(Excerpts from a dataset)
*** Begin section ***
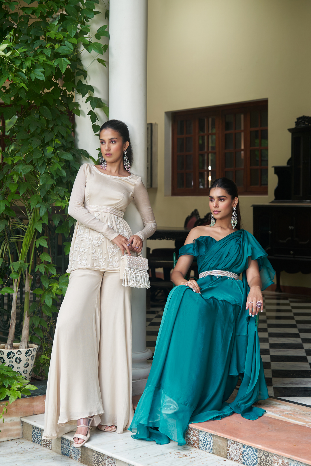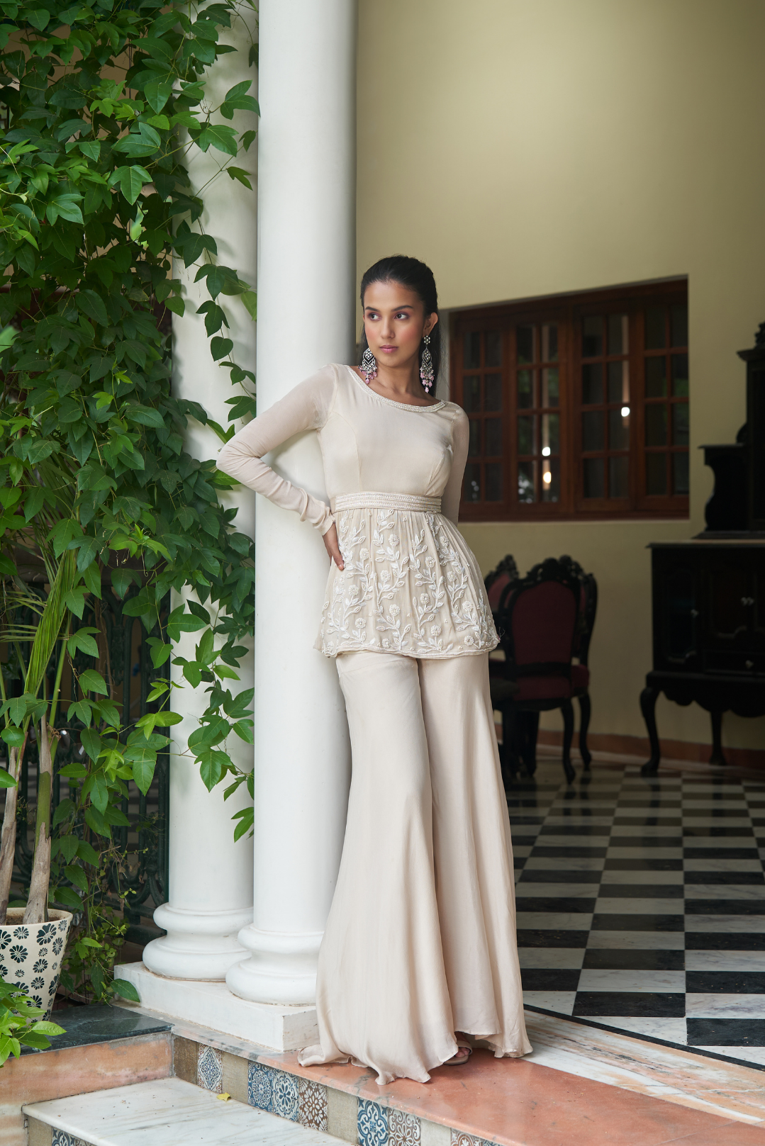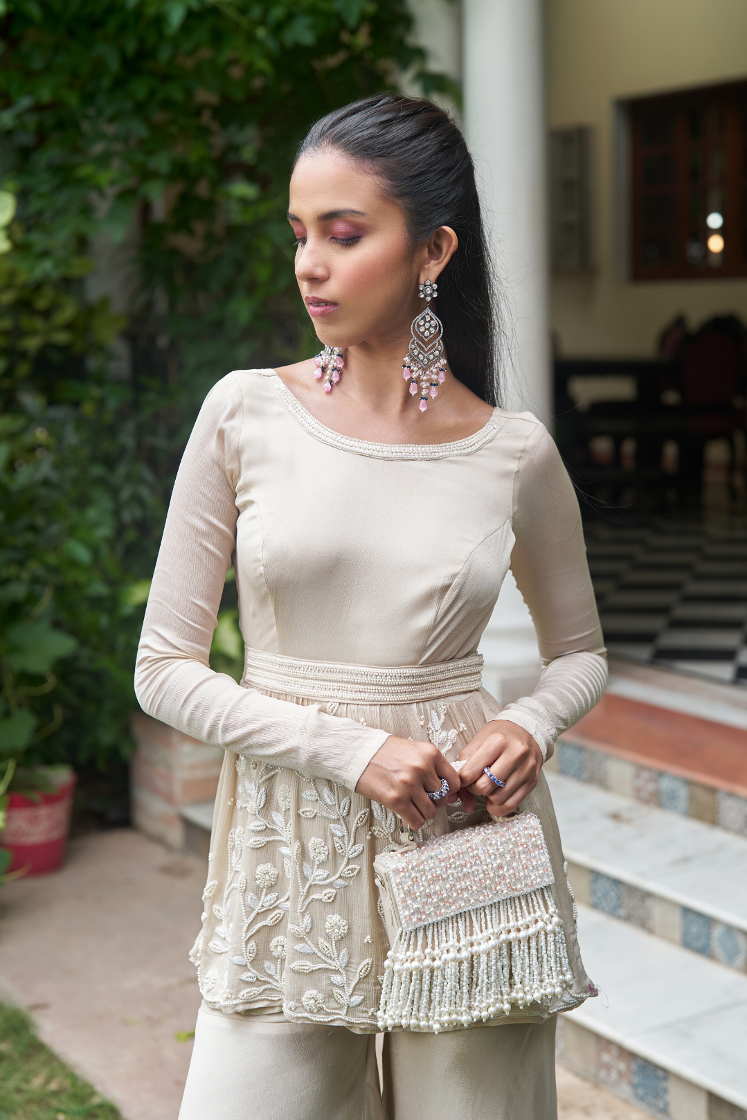 Ivory peplum top embellished with pearls, sequins and cutdana paired with hand embroidered belt
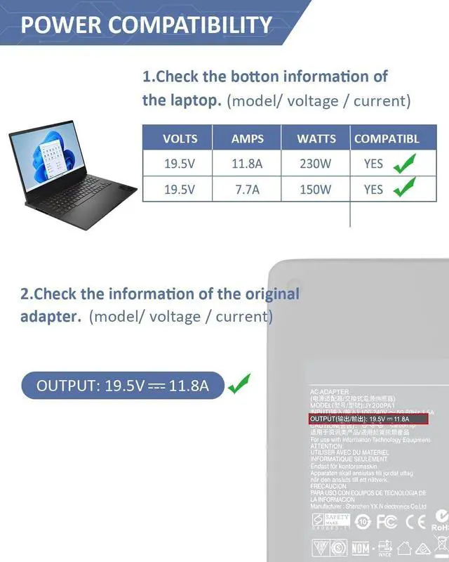 SAFETY & PROTECTIONThe perfect replacement for 230W HP laptop computer chargers.The built-in IC chip technology provides overload / short-circuit / overheat protection, so theres no worries about damaging functional devices.
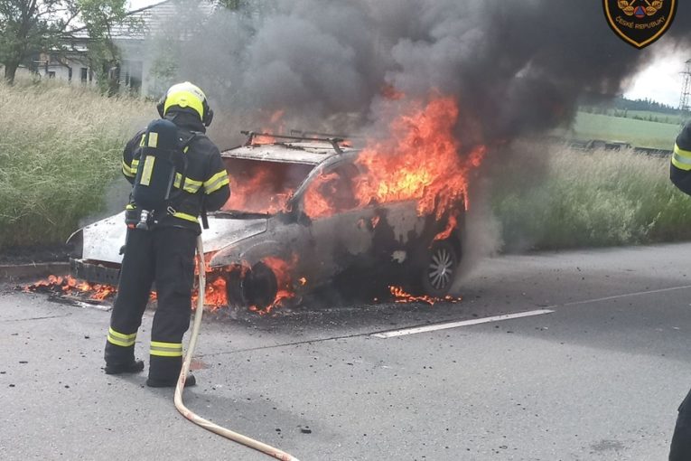 Dva požáry naráz: Hasiči vyjížděli k hořícímu autu i fotovoltaické elektrárně
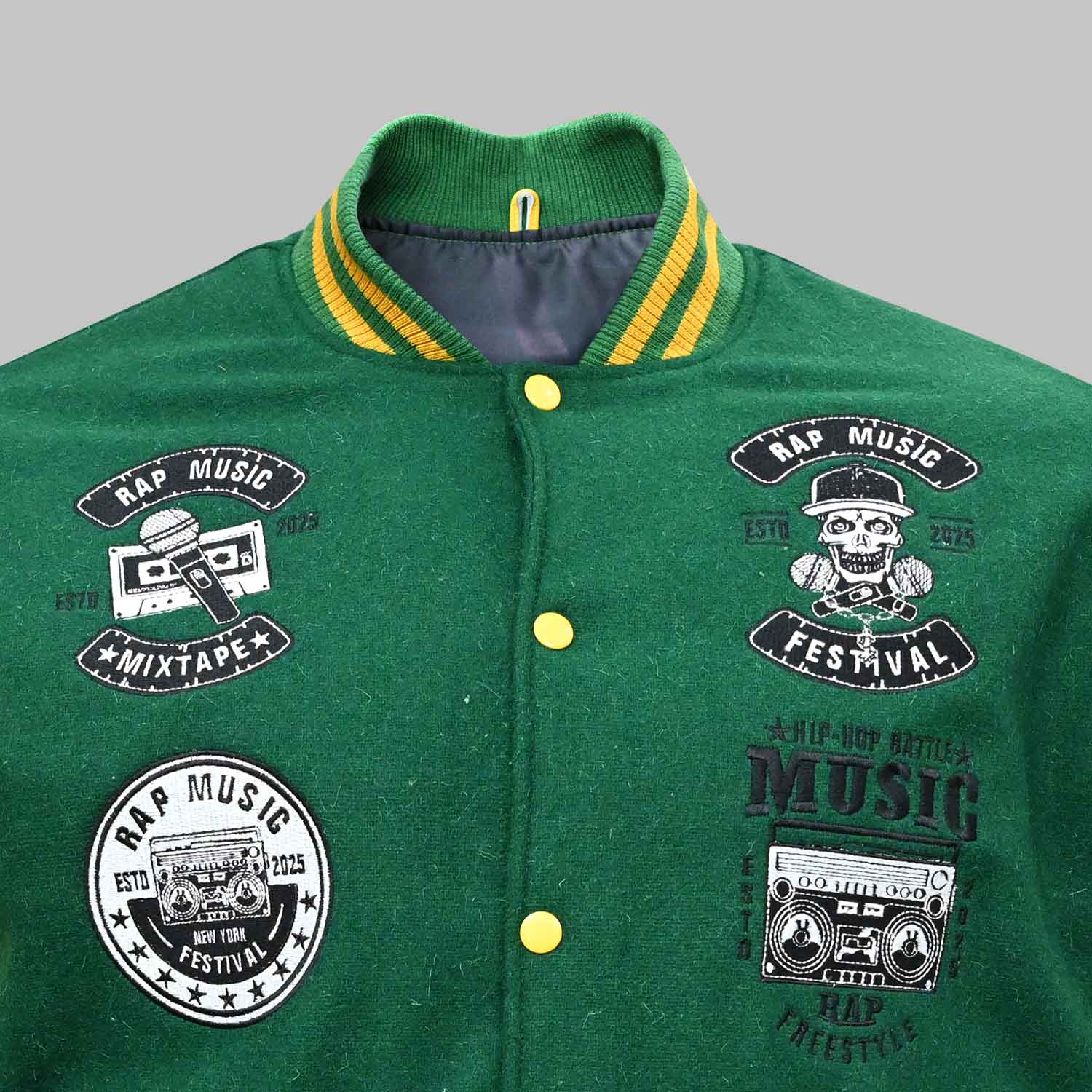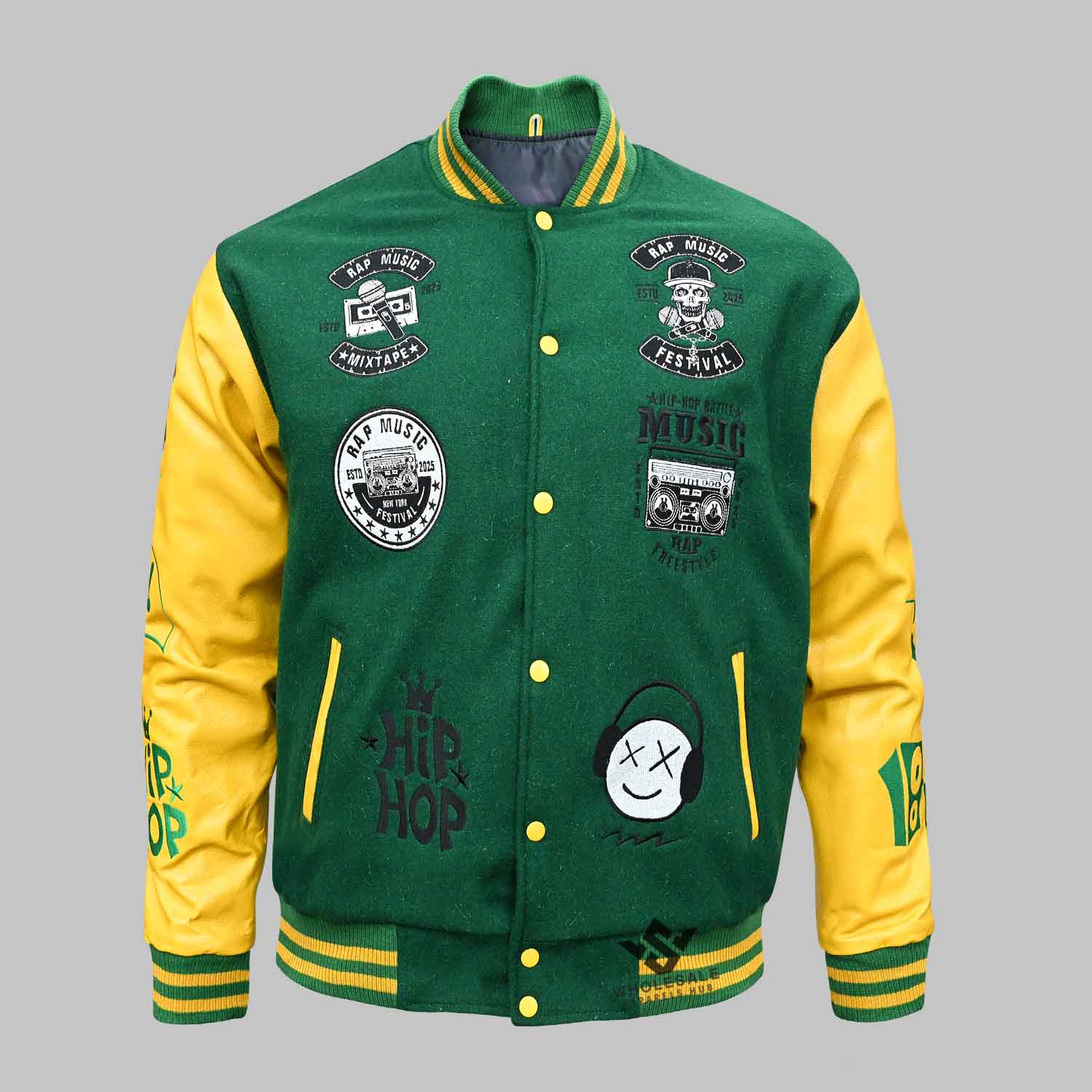 These features ensure that each jacket not only looks authentic but also withstands frequent wear, making them perfect for wholesale distribution to schools, clubs, and retailers.
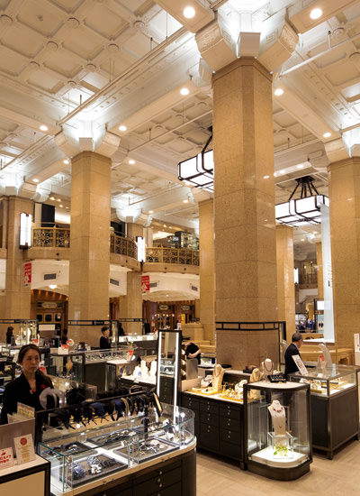 [左]2015年にリニューアルオープンした、明治屋京橋ストアーの正面入り口。地下鉄京橋駅に直結している [右]見やすく商品がならぶ店内
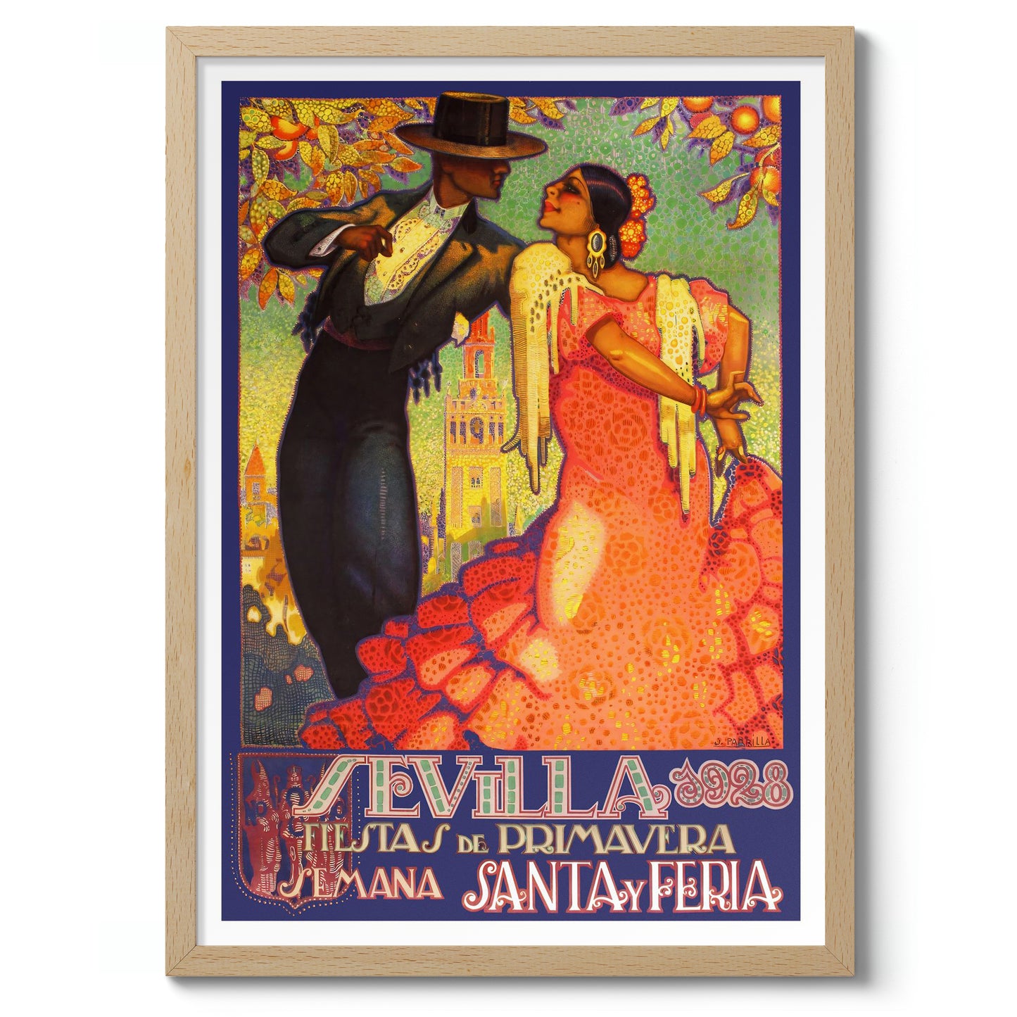 Capture the vibrant energy of Seville’s 1928 spring celebrations with this vintage travel poster. Featuring a flamenco dancer in a striking orange dress and a dashing partner, set against a picturesque backdrop of Seville. Rich hues of orange and purple highlight the Mediterranean charm, evoking the spirit of Spanish culture and tradition. Ideal for lovers of dance and travel-themed art.
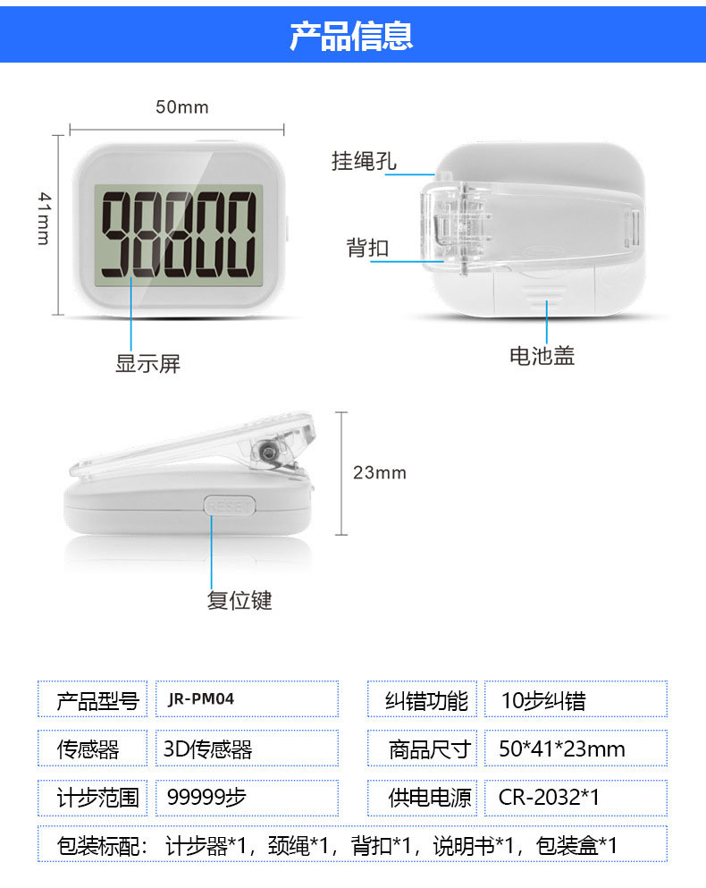 Functions:Count steps,Reset,Sleep mode,10 steps correction
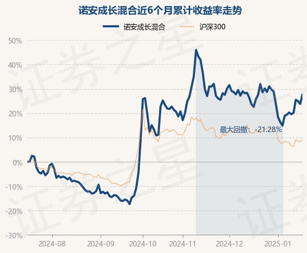 证券之星消息,1月17日,诺安成长混合最新单位净值为1.421元,累计净值为1.866元,较前一交易日上涨3.05%。历史数据显示该基金近1个月上涨4.03%,近3个月上涨14.78%,近6个月上涨27.56%,近1年上涨31.45%。该基金近6个月的累计收益率走势如下图:
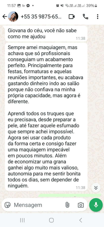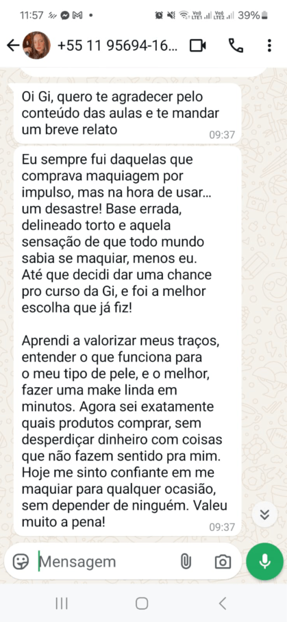 Além de colocar a mão na massa como maquiadora, Giovanna também compartilhou seu conhecimento dando aulas presenciais de automaquiagem, ajudando centenas de pessoas a explorarem sua própria beleza. Agora, todo esse conhecimento está reunido em um curso online direto ao ponto! Não é só sobre aprender técnicas de maquiagem: Giovanna te ensina a valorizar o formato do seu rosto, a escolher as cores certas, a entender sua pele e, claro, a brilhar onde quer que você vá.
*** End section ***
Activity => Reproduce the lines from the line containing "These features ensure" through the end of the records above, exactly and inclusively, omitting pictures.

Exercise answer =>
 These features ensure that each jacket not only looks authentic but also withstands frequent wear, making them perfect for wholesale distribution to schools, clubs, and retailers.
 [左]2015年にリニューアルオープンした、明治屋京橋ストアーの正面入り口。地下鉄京橋駅に直結している [右]見やすく商品がならぶ店内
 Capture the vibrant energy of Seville’s 1928 spring celebrations with this vintage travel poster. Featuring a flamenco dancer in a striking orange dress and a dashing partner, set against a picturesque backdrop of Seville. Rich hues of orange and purple highlight the Mediterranean charm, evoking the spirit of Spanish culture and tradition. Ideal for lovers of dance and travel-themed art.
 Functions:Count steps,Reset,Sleep mode,10 steps correction
 证券之星消息,1月17日,诺安成长混合最新单位净值为1.421元,累计净值为1.866元,较前一交易日上涨3.05%。历史数据显示该基金近1个月上涨4.03%,近3个月上涨14.78%,近6个月上涨27.56%,近1年上涨31.45%。该基金近6个月的累计收益率走势如下图:
 Além de colocar a mão na massa como maquiadora, Giovanna também compartilhou seu conhecimento dando aulas presenciais de automaquiagem, ajudando centenas de pessoas a explorarem sua própria beleza. Agora, todo esse conhecimento está reunido em um curso online direto ao ponto! Não é só sobre aprender técnicas de maquiagem: Giovanna te ensina a valorizar o formato do seu rosto, a escolher as cores certas, a entender sua pele e, claro, a brilhar onde quer que você vá.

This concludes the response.